▶ [What is needed]: When you reach the line in the data below that contains "Östergötlands Arkivförbund Verksamhetsberättelse", please start repeating lines exactly, and stop after the line that contains "Гобеник Лена 2", repeating nothing else.

▶ [Data for this exercise]:
* * * *

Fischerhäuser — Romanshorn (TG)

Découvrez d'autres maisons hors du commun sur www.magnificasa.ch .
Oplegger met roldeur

* * * *

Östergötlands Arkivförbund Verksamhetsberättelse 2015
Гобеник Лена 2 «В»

* * * *

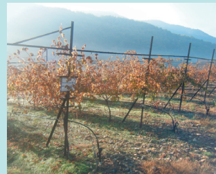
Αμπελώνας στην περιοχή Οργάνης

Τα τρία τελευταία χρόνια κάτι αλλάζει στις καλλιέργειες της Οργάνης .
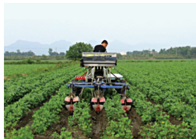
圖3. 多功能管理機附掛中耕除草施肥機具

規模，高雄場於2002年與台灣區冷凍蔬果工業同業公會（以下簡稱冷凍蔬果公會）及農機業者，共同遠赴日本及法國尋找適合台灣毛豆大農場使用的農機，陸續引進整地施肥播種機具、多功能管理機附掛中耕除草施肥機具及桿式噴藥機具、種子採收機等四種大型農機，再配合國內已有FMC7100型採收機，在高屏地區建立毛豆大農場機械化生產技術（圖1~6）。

* * * *

▶ [Exercise answer]:
Östergötlands Arkivförbund Verksamhetsberättelse 2015
Гобеник Лена 2 «В»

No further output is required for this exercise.